YOUR INSTRUCTIONS:
Everything from the line with "White wine in" to the line with "Les mesures de" in the listing below, both lines included, needs to be copied exactly, apart from the pictures.

DATA EXTRACT:
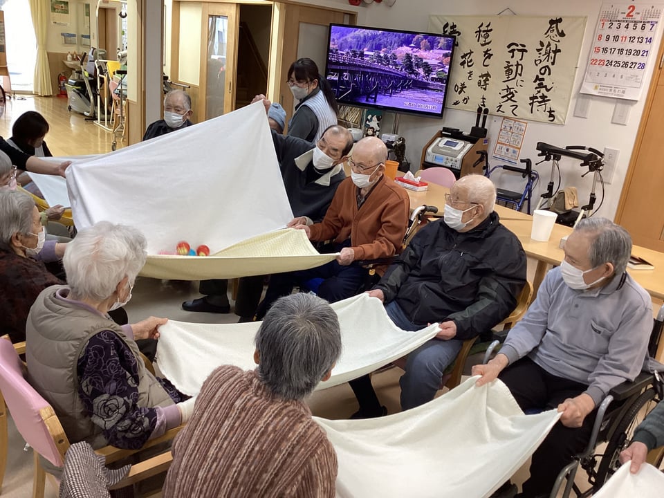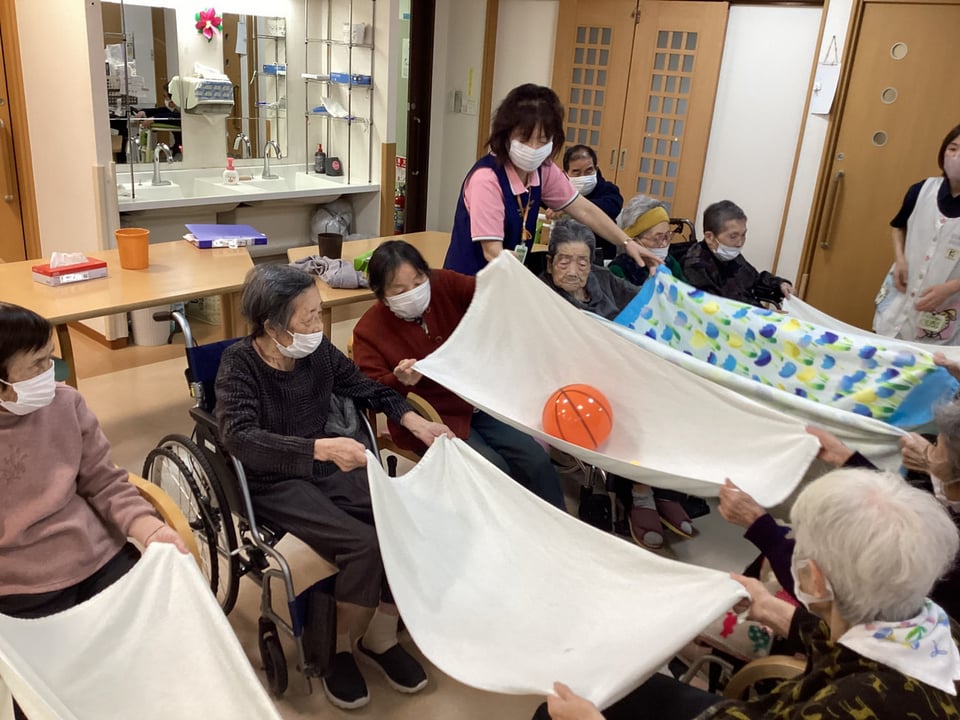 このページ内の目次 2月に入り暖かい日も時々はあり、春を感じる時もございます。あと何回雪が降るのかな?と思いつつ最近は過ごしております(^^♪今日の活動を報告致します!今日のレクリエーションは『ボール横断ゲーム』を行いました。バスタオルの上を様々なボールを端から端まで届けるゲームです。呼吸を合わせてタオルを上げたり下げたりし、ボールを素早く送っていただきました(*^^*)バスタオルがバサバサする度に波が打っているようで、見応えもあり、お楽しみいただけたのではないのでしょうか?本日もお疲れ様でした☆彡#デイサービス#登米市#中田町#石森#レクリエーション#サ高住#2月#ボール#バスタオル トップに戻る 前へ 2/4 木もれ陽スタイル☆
...
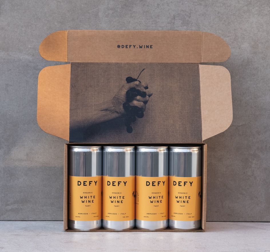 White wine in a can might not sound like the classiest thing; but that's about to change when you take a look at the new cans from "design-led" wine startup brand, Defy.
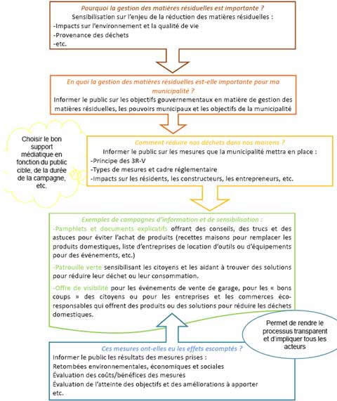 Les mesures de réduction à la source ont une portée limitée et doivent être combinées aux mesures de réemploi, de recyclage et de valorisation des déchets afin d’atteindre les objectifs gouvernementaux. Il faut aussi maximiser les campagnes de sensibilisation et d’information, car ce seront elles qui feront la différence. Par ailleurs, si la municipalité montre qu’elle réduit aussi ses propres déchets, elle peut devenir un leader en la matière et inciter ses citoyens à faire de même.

TASK OUTPUT:
 White wine in a can might not sound like the classiest thing; but that's about to change when you take a look at the new cans from "design-led" wine startup brand, Defy.
 Les mesures de réduction à la source ont une portée limitée et doivent être combinées aux mesures de réemploi, de recyclage et de valorisation des déchets afin d’atteindre les objectifs gouvernementaux. Il faut aussi maximiser les campagnes de sensibilisation et d’information, car ce seront elles qui feront la différence. Par ailleurs, si la municipalité montre qu’elle réduit aussi ses propres déchets, elle peut devenir un leader en la matière et inciter ses citoyens à faire de même.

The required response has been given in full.